Thanks!  thats what i needed.  I dont know what a pure nubian looks like so i am not sure if she is bigger or not.  I eventually want to breed her with a nigerian dwarf and get a mini nubian or a mini lamancha.  We will see however.  I am a true backyard herder.....meaning a suburban size property so the amount of feed may make me go with all nigerians.


----------



## CrazyCatNChickenLady (Jan 17, 2013)

I'm in the same boat. I actually bought all the stuff yesterday to build my stand. I have a saanen wether that needs his feet trimmed every 3-4 weeks. He's 11 months and already 30inches at the withers. I also have a little nigerian buck kid. So I need to go from nigerian sized to giant saanen sized. I'm going to do the base at 16" (because I have a really long torso) and then do the head piece like 4ft tall off of that. I'm going out to build it today and I'll post pics when its finished.


----------



## sodamancer (Jan 17, 2013)

CrazyCatNChickenLady said:
			
		

> I'm in the same boat. I actually bought all the stuff yesterday to build my stand. I have a saanen wether that needs his feet trimmed every 3-4 weeks. He's 11 months and already 30inches at the withers. I also have a little nigerian buck kid. So I need to go from nigerian sized to giant saanen sized. I'm going to do the base at 16" (because I have a really long torso) and then do the head piece like 4ft tall off of that. I'm going out to build it today and I'll post pics when its finished.

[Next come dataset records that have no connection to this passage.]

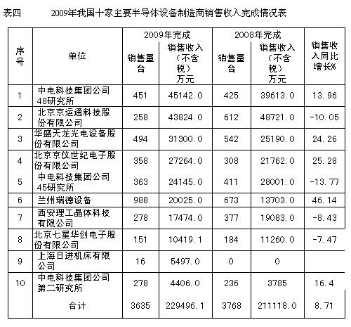 2009年我國十家主要半導體設(shè)備制造商完成的半導體設(shè)備總銷售收入(不含稅)達到22.95億元,同比增長了8.71%。半導體設(shè)備出口交貨值為4127.4萬元,同比下降了31.2%。
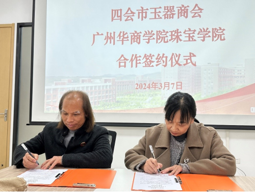 珠宝学院和四会市玉器商会于3月7日在多多28肇庆校区正式签署战略合作协议。
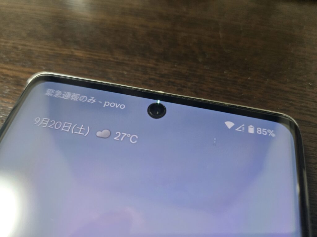 ↓フロントカメラの上部が緑色に光っているのがわかるかと思います。
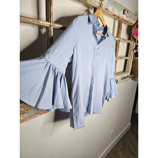 Marc New York Collared Button Up Blue Top 3/4 Bell Sleeves Size Medium
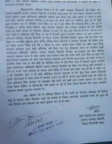 चितरंगी: खरखटा ग्राम पंचायत सरपंच द्वारा हस्ताक्षर एवं डीएससी न लगाने के संबंध में परेशान सचिव ने जिला सीईओ से की शिकायत
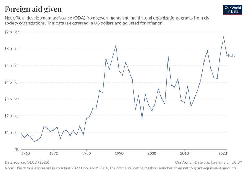 OECD (2025) – with major processing by Our World in Data. “Foreign aid given – Net disbursements” [dataset]. OECD, “OECD Official Development Assistance (ODA) - DAC1: Flows by provider (ODA+OOF+Private)”; OECD, “OECD Official Development Assistance (ODA) - DAC2A: Aid (ODA) disbursements to countries and regions” [original data]. Retrieved December 5, 2025 from https://archive.ourworldindata.org/20250909-093708/grapher/foreign-aid-given-net.html (archived on September 9, 2025).
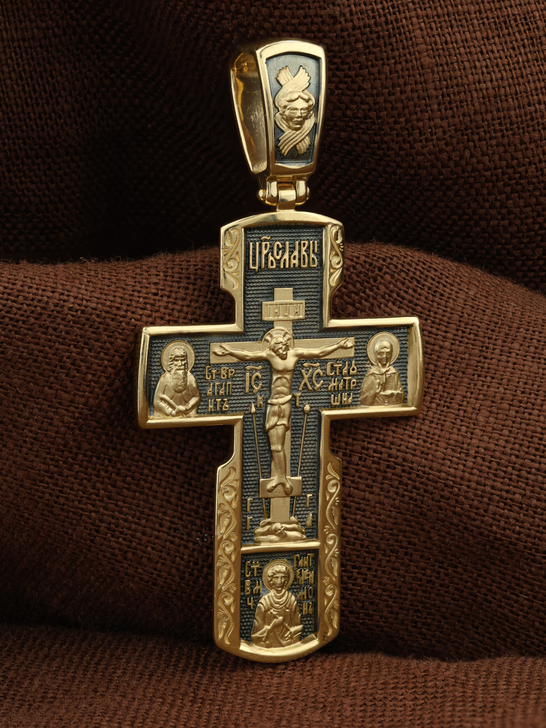 Как действенная помощь в немощах и болезнях был создан крест с образами святых целителей и со знаменитой афонской иконой Божией Матери «Всецарица». Над титлом видим слова «ЦРЬ СЛВЫ» — Царь Славы. Верхняя перекладина символизирует собой табличку с надписью «IHЦI» — Иисус Назарянин Царь Иудейский. Под перекладиной пишется сокращенно имя Спасителя «IC XC» — Иисус Христос. Возвышение, на котором стоит Крест, символизирует гору Голгофу, на которой произошло Распятие. У подножия Креста изображают прах Адама, обозначенный черепом. Справа от Распятия помещен образ прославленной святой блаженной Матроны. Слева — икона преподобный Агапита. Этот святой жил в пещерах Киево-Печерского монастыря в XI веке и бескорыстно врачевал мирян и монахов. У основания Креста Господня изображен великомученик Пантелеимон Целитель. Господь даровал удивительную силу его молитве. Ею он исцелял любые болезни и даже воскрешал умерших.
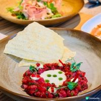 這家新開業的意大利餐廳由一位曾效力城中幾家名店的大廚開設,採用優質材料入饌,寬麵及細扁麵都是自家手工鮮製,價錢卻相當親民。平日精選午餐最平$88起,周末早午餐每位$168起,提供前菜、主菜及甜品,主菜有超過十種選擇,相當豐富。 主廚Bhupendra Singh 曾先後於希爾頓酒店、洲際酒店、Bread Street Kitchen、Duck & Waffle和米芝蓮星級餐廳Fiamma等多家著名食府磨練技藝,融會貫通各國料理,演變出獨門的烹調風格,以匠心呈現傳統經典意式風味。餐廳室內設計靈感源自羅馬小餐館,超高樓底配上落地玻璃盡顯氣派,半開放式廚房可一睹大廚製作Pizza的過程。 𓌉◯𓇋 Set Brunch 𓌉◯𓇋 ($168 per person) ✦ Starters to Share ✦ ✾ Parma Di Prosciutto 18個月風乾火腿份量毫不吝嗇,火箭菜為火腿的鹹香帶來平衡,梨蓉和榛子添加了果香和堅果風味。 ✾ Burrata🧀 柔軟水嫩的布拉塔芝士奶香十足,配上橄欖、印加車厘茄及意大利西蘭花苗,再以羅勒碎及特級初榨橄欖油調味,輕盈清新。 ✾ Salmon Carpaccio🍣 三文魚肥美鮮甜,配上芥末蛋黃醬,鮮味更上一層樓。 ✾ Steak Tartare (+$88/pp)🥩 生牛肉他他擺盤精緻,與醃紅蔥頭、帕爾瑪芝士醬及芥末蛋黃醬拌勻,再塗抹在薄脆片上,軟滑與香脆的口感交織出美妙滋味。 ✦ Main ✦ ✾ Rigatoni All’Amatriciana🍝 粗管通粉煮得軟硬適中,紅醬基底加入煙豬面頰肉帶出醇厚滋味。 ✾ Pizza Prosciutto e Bufala (+$68)🍕 手工意大利薄餅即叫即製,邊緣烤得焦脆,餅底鬆脆兼富小麥香。鋪上拉絲水牛芝士及風乾18個月帕爾瑪火腿,鹹香惹味。 ✾ Veal Milanese (à la carte $298)🥩 米蘭小牛肉扒裹上意式麵包糠炸成,配搭雜菜沙律、百里香蛋黃醬和檸檬,還原地道風味,但整體口感比較乾硬。 ✦ Desserts to Share ✦ ✾ Tiramisu 🍰 提拉米蘇做法相當正宗,瑪斯卡邦尼芝士口感軟滑,手指餅浸得夠濕潤,咖啡味和酒香平衡得宜。 ✾ Cheesecake🧀 採用意大利軟芝士製成,口感比一般紐約芝士蛋糕輕盈。配搭新鮮莓果及香脆的蛋白餅,口感豐富。 ◦•◦♡.﹀﹀﹀.♡◦•◦♡.﹀﹀﹀.♡◦•◦♡.﹀﹀﹀.♡◦•◦ 𖠿 Osteria UNO @osteriaunohk 𖤣𖤥 大角咀櫻桃街38號西九匯地下G08-G11號舖 ◦•◦♡.﹀﹀﹀.♡◦•◦♡.﹀﹀﹀.♡◦•◦♡.﹀﹀﹀.♡◦•◦ 💕喜歡我的分享,記得follow我IG:@peggie.dailylife #OsteriaUNO#大角咀美食#新餐廳#意大利菜#西餐#手工意粉#薄餅#italiancuisine#pasta#pizza#cheesecake#brunch#lunch#打卡餐廳#香港美食#香港探店#美食推薦#香港打卡#香港好去處#UCreator

i would love to see when you have finished


----------



## CrazyCatNChickenLady (Jan 17, 2013)

Okay.. All done!

This is what I ended up with. I'm still trying to figure out how to put a bucket of feed at differents hights thats easy to move up and down without getting in the way. I'll let you know what I come up with.

















And I even put the baby in it! He's a 6 week old nigerian dwarf.


----------



## Catahoula (Jan 17, 2013)

You saanen is looking at you as if he is saying...'ummmm...you forgot the food bucket. Where is the food?'


----------



## Pearce Pastures (Jan 17, 2013)

Very nice!!


----------



## Mac14 (Jan 18, 2013)

How cute!


----------



## CrazyCatNChickenLady (Jan 24, 2013)

I finished the grain feeder part. I said I'd come back and post when I figured something out. I put little blocks of wood and then another board over it. Then I can slide the other board in and out and adjust the hight. I measured it to fit my goats.

(oh and the thing on the side is a kid bottle baby rack! It just sits on the side of the stanchion.)






Squirt modeling it seeing if it works!





Honey with the feeder lower.


----------



## Catahoula (Jan 24, 2013)

Cool


----------



## Pearce Pastures (Jan 25, 2013)

That is a great idea!


----------